Medtral is a New Zealand based medical travel company that provides private medical care to overseas patients. All surgical procedures undertaken by Medtral are performed by English speaking surgeons and physicians all of whom have received their training both in New Zealand and either North America or Europe and are performed in internationally accredited hospitals. Each Medtral patient is assigned a ‘lead medical carer’- who co-ordinates all aspects of the patient’s medical care.

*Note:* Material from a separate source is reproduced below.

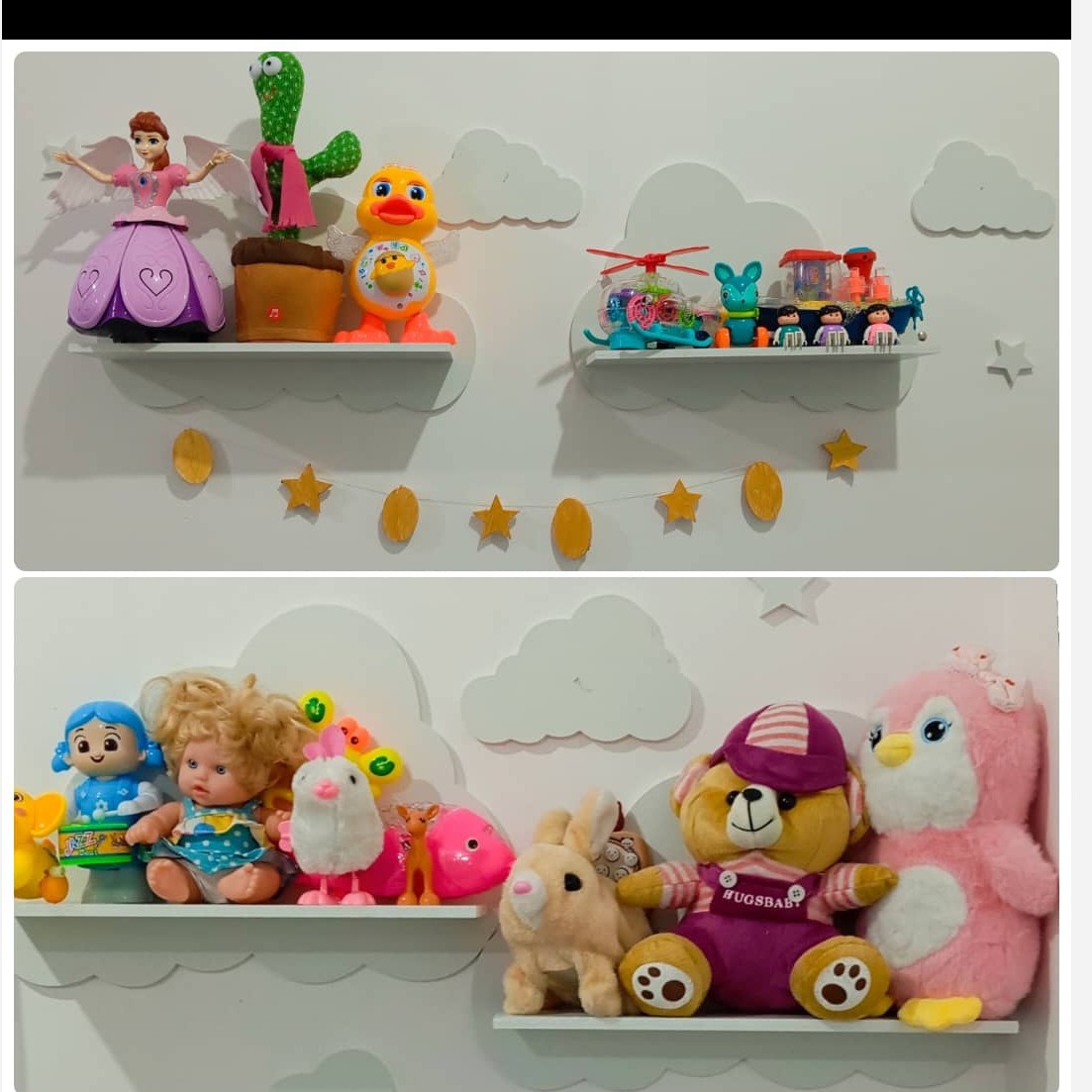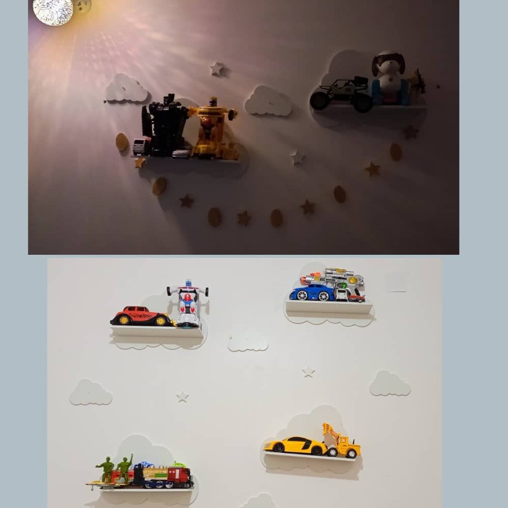 شلف دیواری بسیار زیبا مخصوص اتاق کودک با یک ابر زیبا ، یه دونه ابرک و دو دونه ستاره اتاق فرزند دلبندتو رویایی کن..... اسباببازی ها و ماشینهاشو به زیبایی بچین.... برای نصب ابتدا ابر بزرگ را روی دیوار نصب بفرمایید سوراخهای مخصوص نصب کنار شکافهای روی ابر بزرگ قرار دارد پس از نصب ابر بزرگ روی دیوار نوک زبانههای پیشخوان را کمی فشرده کرده و وارد شیارهای ابر بزرگ میکنید و به حالت طاقچهای مونتاژ میشود بعد میتوانید ابرک و ستارهها را روی دیوار یا لبه شلف با هر چسبی که در منزل موجود است بچسبانید
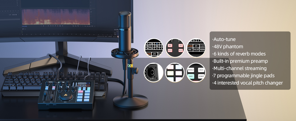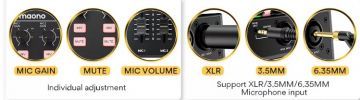Maono tuo markkinoille ensimmäisenä maailmassa uskomattoman monipuoliset äänikortit streamaajille, podcastin tekijöille, musiikin harrastajille, pelaajille, vlogaajille jne. Maono AM-100 äänikorttiin saat liitettyä läppärin, padin, älypuhelimen tai pöytäkoneen. Saat liitettyä laitteita jopa kolme samaan aikaan. Maono AM-100 toimii sekä USB-virralla että myös akulla, joten voit tehdä äänityksiä tai striimauksia vaikka puistossa ilman sähkövirtaa. Maono AM-100 sopii helppokäyttöiseen takia täydellisesti striimaajan uraa aloittavalle. Maono AM-100 on Maono malleista paras ja sopii myös ammattimaiseen käyttöön. Myös esim. sähkökitaran yhdistäminen onnistuu Maonocastereiden avulla padiin tai puhelimeen.

The process followed by Medtral adheres to the guidelines set out by the American Medical Association (AMA) and American College of Surgeons (ACS) for medical tourism.

Destination
As a destination, New Zealand is considered a safe, first world English speaking country with a cultural and medical affinity with North America located 12 hours by direct flight from the major ports on the West Coast of the United States.

Procedures offered

Orthopedic surgery (including hip replacement and knee replacement surgery).
Cardiac surgery such as Coronary artery bypass surgery (CABG) and valve replacement surgery. 
General surgery is also available including Gall bladder removal (Cholecystectomy), liver resection and renal transplant. Bladder and prostate surgery is available including robotic prostatectomies.
Gynecological surgery is also available.

History
Medtral was founded by Edward Watson in July 2007 as the international marketing arm of a private hospital network in New Zealand.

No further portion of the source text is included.